Although the Baptism is the principal action of the picture, it occupies the right‐hand side of the foreground, so that the figure of Christ is slightly off centre. On the left‐hand side of the composition there are two veiled women, the elder one directing the attention of the other towards the scene of baptism. The younger woman, whose halo matches that of Christ, rests her left hand on the shoulder of an elaborately dressed, wingless angel crowned with a wreath of flowers, who is holding Christ’s garments on his left arm. Another angel, also wingless, sits on the rocky bank, with both hands resting on the pegbox of his lute, gazing intently at Christ. In representations of the Baptism of Christ there is usually an angel standing on the bank, holding Christ’s garments, but it is unusual to find a musician angel.

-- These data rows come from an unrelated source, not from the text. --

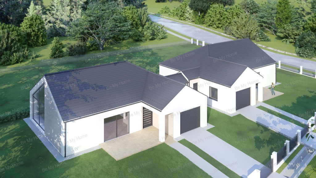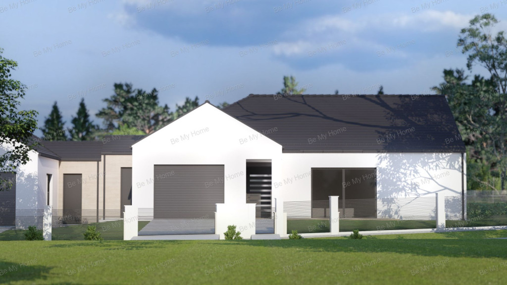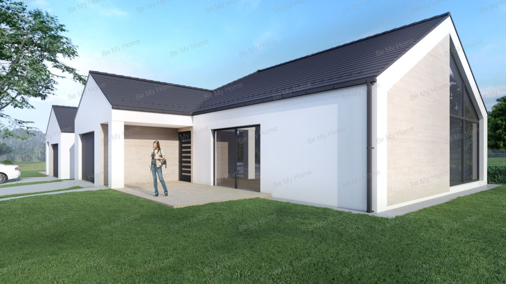 A nettó 144 m²-es ház része egy 23,5 m²-es garázs, valamint egy 8 m²-es terasz. A lakótérben kertkapcsolatos, 40 m²-es nappali–konyha–étkező, három hálószoba, két fürdőszoba, vendég WC és háztartási helyiség kap helyet.
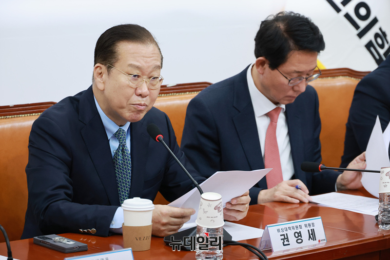 권영세 국민의힘 비상대책위원장이 10일 오전 국회에서 열린 비상대책위원회의에서 모두발언을 하고 있다.
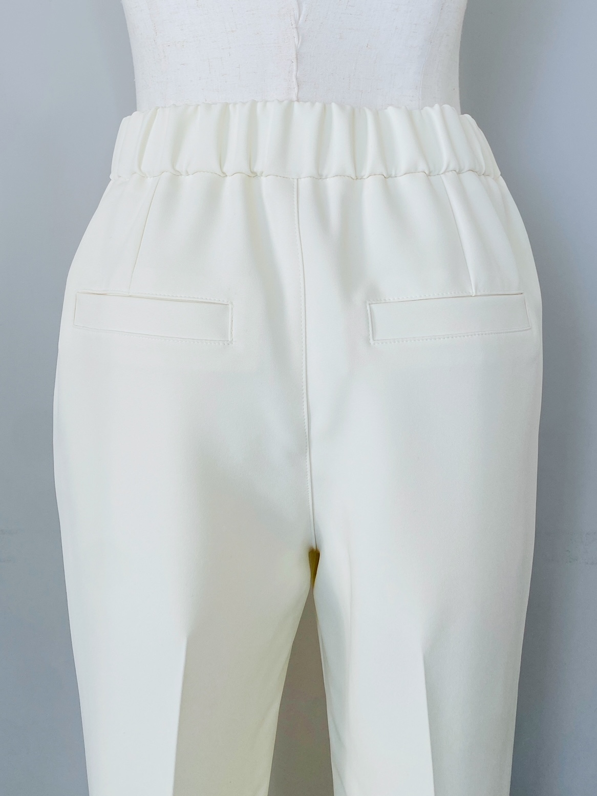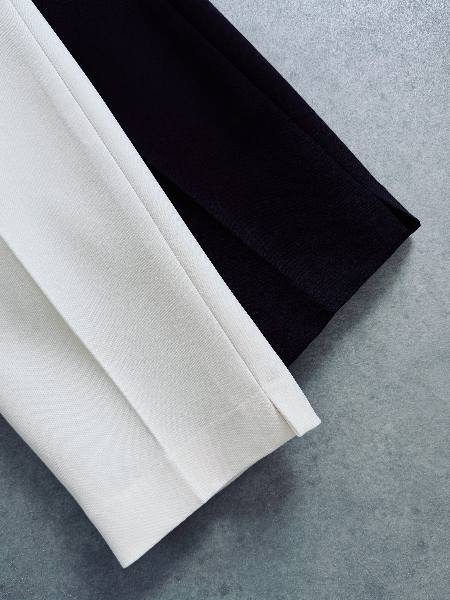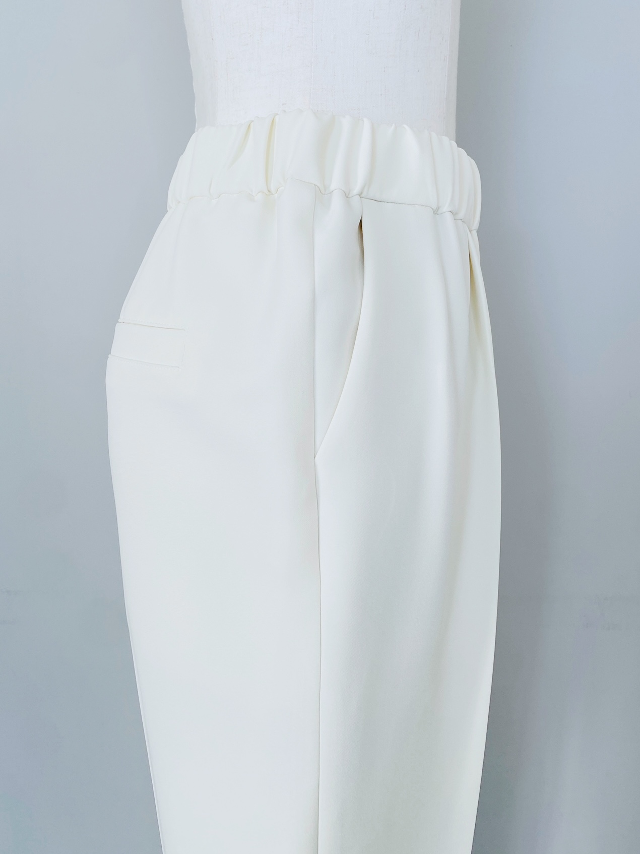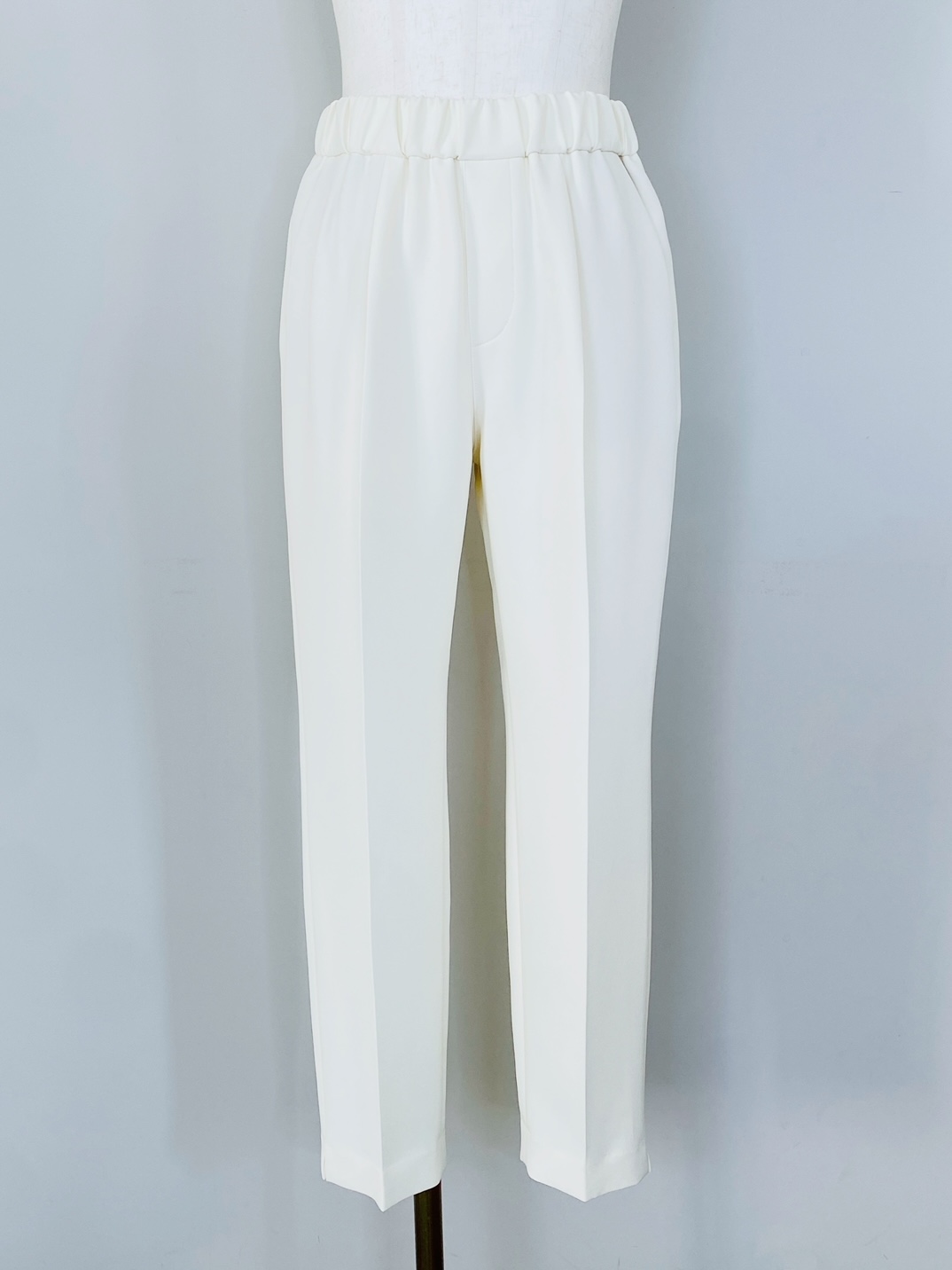 フロントタックとセンタープレスを施し、裾にかけては自然に細くなるすっきりシルエット。

In the National Gallery’s catalogue of 1929 the two female figures were identified as the Virgin Mary and Saint Anne, presumably by the Director, Charles Holmes, who had bought the paintings. Cecil Gould in his catalogue of 1962 suggested that the older female figure might be Saint Elizabeth, noting that the presence of either Elizabeth or Anne would be ‘highly unusual in a Baptism’.8
The fact that this picture was painted for a chapel dedicated to the Visitation would support the identification of the two female characters as the Virgin Mary and Saint Elizabeth. Their presence in a painting of the Baptism requires explanation, however. Mary’s visit to Elizabeth was the first encounter of Jesus Christ with his precursor and cousin, John the Baptist. Indeed, many northern European representations of the Visitation from the fourteenth to the early sixteenth centuries include diminutive and encapsulated representations of Christ and John, in or in front of their mothers’ wombs.9 According to the Gospels, when Elizabeth heard Mary’s greeting, the unborn prophet leapt in her womb. She herself was filled with the Holy Spirit and cried out: ‘Blessed are you among women, and blessed is the fruit of your womb! … Blessed is she who believed, for there will be a fulfilment of those things which were told her from the Lord.’10 The meeting between the two women here includes the ‘fulfilment’: that is, Elizabeth shows her cousin Mary the future encounter of their unborn sons, pointing with her left hand towards the main scene.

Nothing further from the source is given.